What is Data Science?
Data Science is the art of making predictions and understanding a deep-embedded pattern around everything underlying the functioning of a business. In an age, where after God, you can only trust Data, the growth is literally quicker than even a wink and the sheer amount of data that exists in the world is bound to astound anyone. More than 2.7 Zettabytes of data exists in today’s digital universe which is projected to grow to 180 Zettabytes in 2025. Facebook stores, accesses, and analyzes 30+ Petabytes of user generated data. 571 new websites are created every minute of the day. 100 terabytes of data uploaded daily to Facebook. Data production will be 44 times greater in 2020 than it was in 2009.
As Carly Fiorina, former executive, president, and chair of Hewlett-Packard Co. had once famously remarked, “the goal is to turn data into information, and information into insight”, the real scope of Data Science is to collect and organize data in such a way that useful information can be derived from it. A Data Scientist’s job is to understand the data, clean the data, write an algorithm and then optimize the algorithm to make informed predictions about the business. People who got are looking forward to get an opportunity like such must also be aware that 70 to 80% of a Data Scientist’s consists of collecting and cleaning up the data.

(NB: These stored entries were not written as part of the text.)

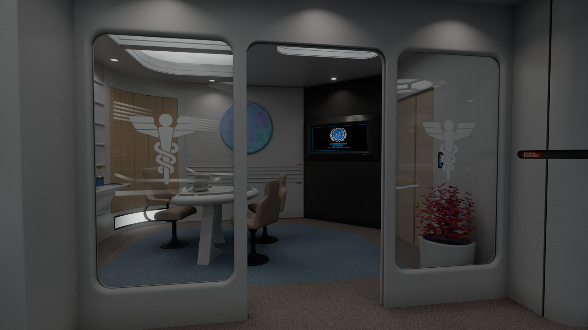 Part of a small medical complex which also includes isolation wards and surgical rooms, main sickbay was a relatively compact room with 4 biobeds for ambulatory treatment and an examination bed which could be used for light surgery. Directly connected to the room was the office of the chief medical officer. There were two entrances to the room: one through the main ward; the other through the office.
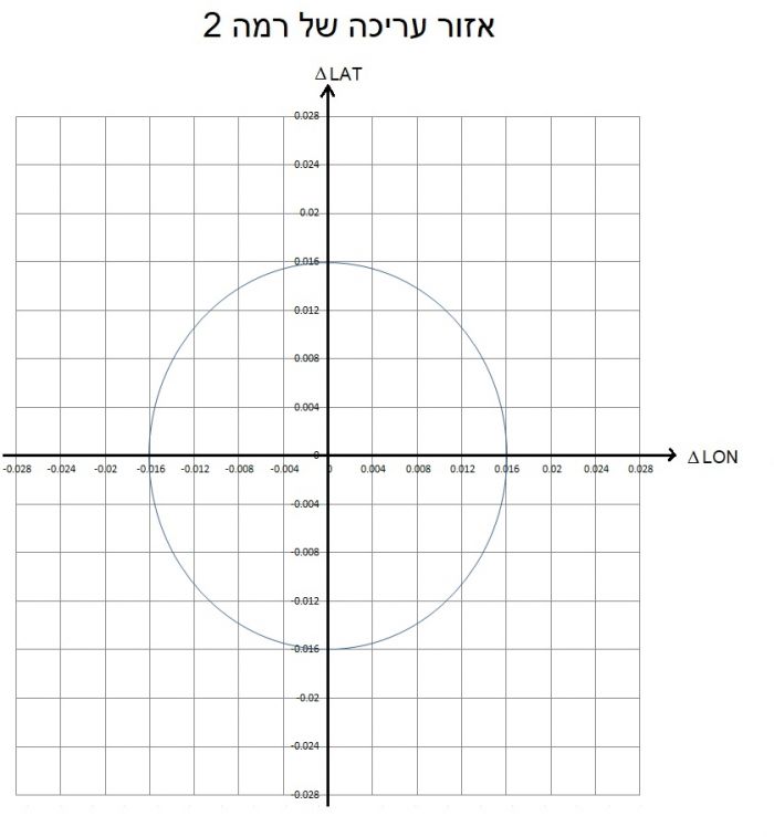 בכל נקודה בתוך אזור העריכה שנוצר מסביב לנקודה במסלול הנסיעה מתקיים שהפרש ה- LAT בריבוע ועוד הפרש ה- LON בריבוע קטן ממגבלת ההפרש הזוויתי בריבוע, כאשר ההפרש הזוויתי תלוי ברמת העריכה כמוגדר בטבלה.
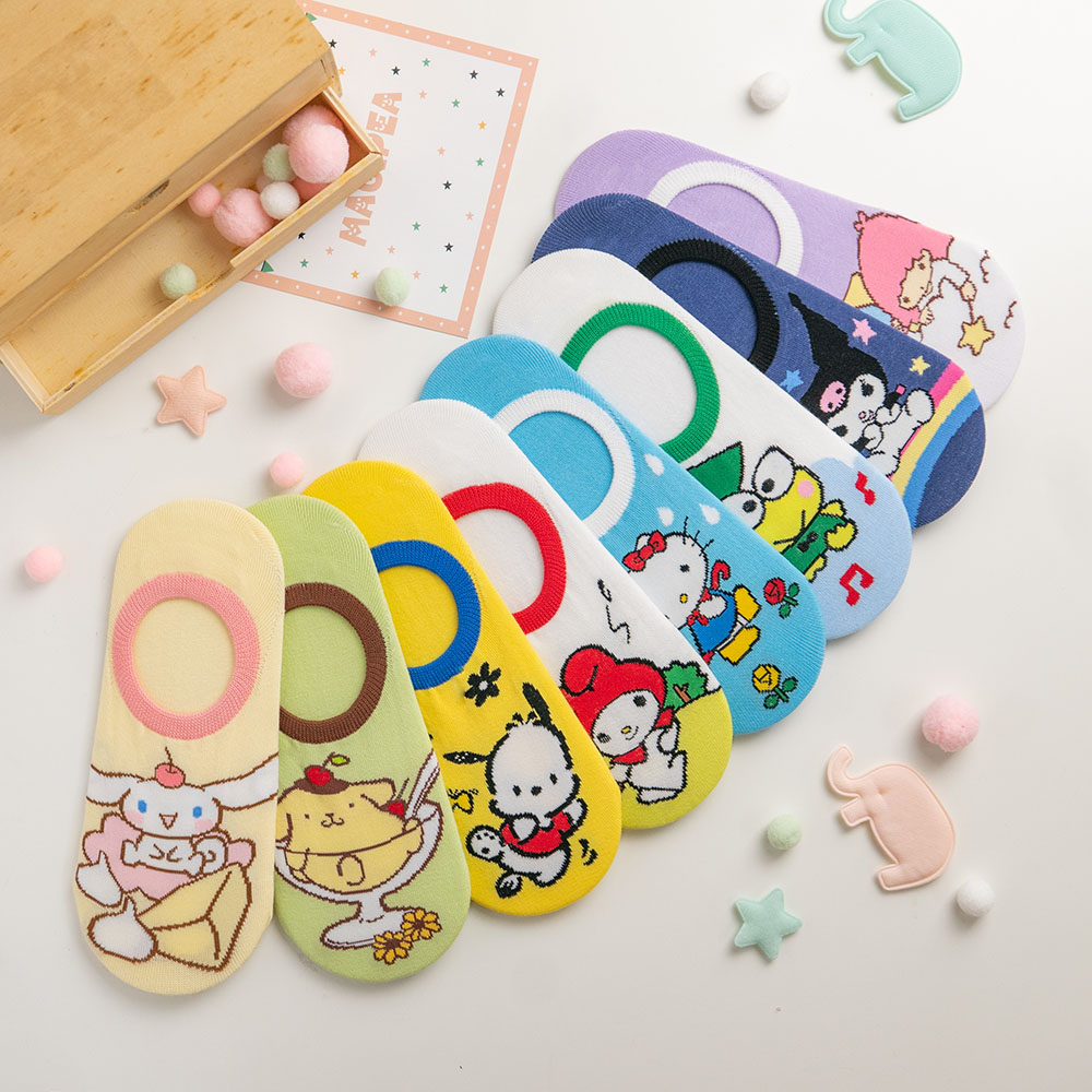 AHUA阿華有事嗎 韓國襪子 三麗鷗拼色隱形襪 K1741 正韓少女襪 韓妞必備長襪 百搭純棉襪 卡通襪大耳狗蘋果|布丁狗杯子|帕恰狗蝴蝶|美樂蒂郊遊|KiKi&LaLa|酷洛米彩虹|KITTY下雨|大眼蛙荷葉SocksAHUA 韓國襪子品牌旗艦店
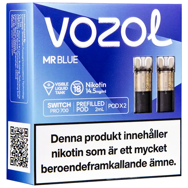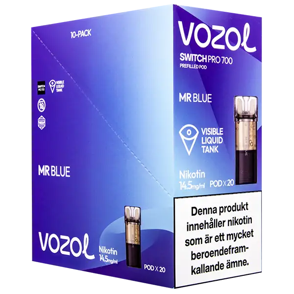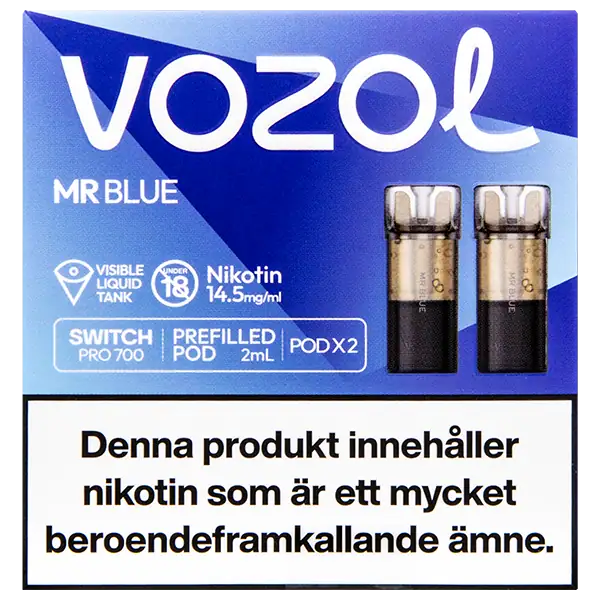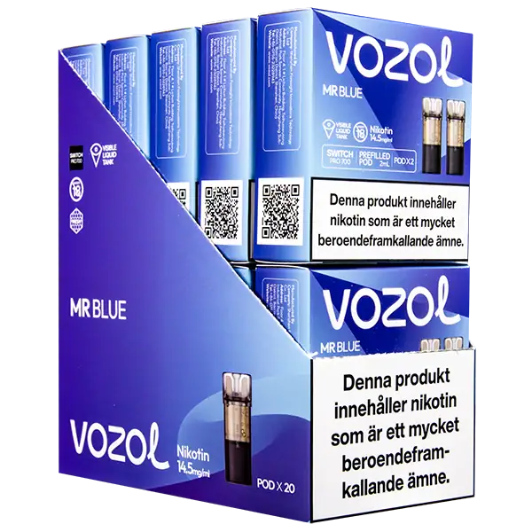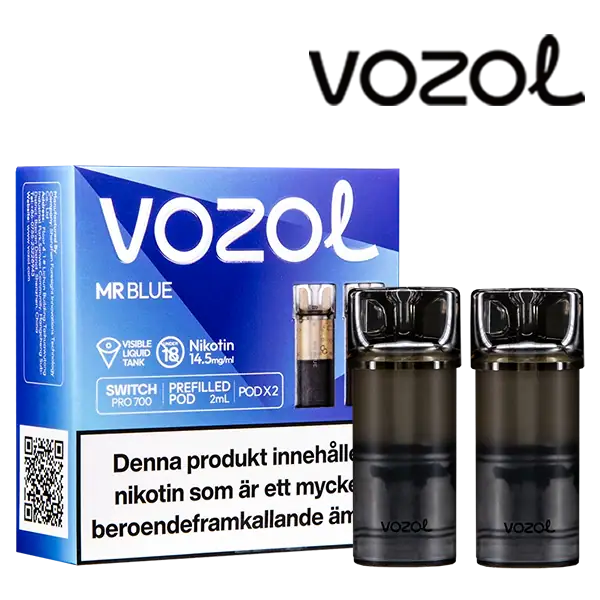 Mr Blue är speciellt designade för att passa VOZOL serien av podsystem. De förfyllda poddarna är tillverkade av plast och höljet av poddarna är svarta. Poddarna från VOZOL är förfyllda poddar med 2 ml e-juice som man sätter i sin batterienhet. När podden tar slut så kan du byta pod i din batterienhet. Poddarna ska sorteras som elektronisk utrustning på en avfallsanläggning efter användning.
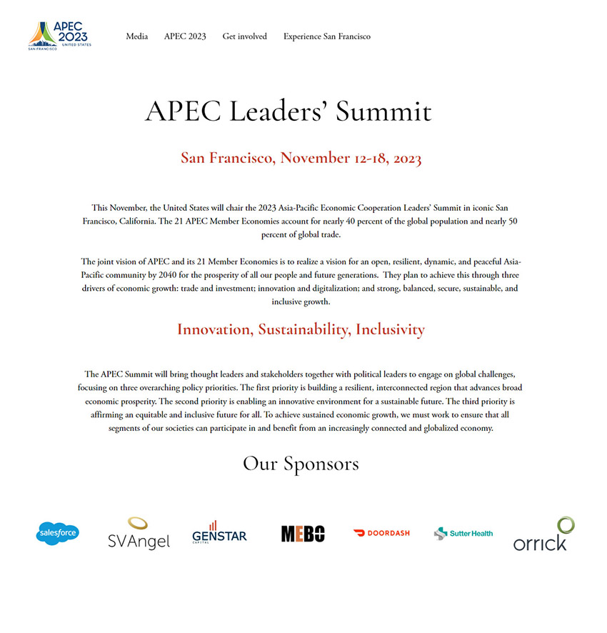 2023年11月12日至18日,亞太經(jīng)合組織峰會將把思想領(lǐng)袖和利益相關(guān)者與政治領(lǐng)導(dǎo)人聚集在一起,圍繞三個首要政策重點應(yīng)對全球挑戰(zhàn)。第一要務(wù)是建設(shè)一個有彈性、相互關(guān)聯(lián)的地區(qū),促進廣泛的經(jīng)濟繁榮。第二是為可持續(xù)的未來創(chuàng)造一個創(chuàng)新環(huán)境。第三個則是致力于形成公平和包容的未來。
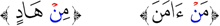 Det andra ordet i denna āyah ﴾مَنۡۜ﴿ slutar med en nūn sākinah, och den första bokstaven i nästa ord är (Rā' — ر).

Harvard has called it the “Sexiest Job of the 21st Century”, Glassdoor named it the “Best Job of the Year” for 2016 and according to Gautam Tambay, cofounder and CEO of Springboard, “Data is the new oil”. The world is producing more data every year, now, than it did in the entire 20th century and success over the next decade is going to be largely dependent on how companies are going to be able to turn that data into insights and actually take action on it. That’s where data science comes in. In an age where the bombardment of information never seems to cease, most of us just let it all flow over us, remembering a few highlights here and there but quickly moving on to the next thing. Data scientists are the ones who can slice through all the fluff to extract the meaning of all that information: how it’s connected and what its implications are. For companies looking to make strategic decisions, this skill is invaluable.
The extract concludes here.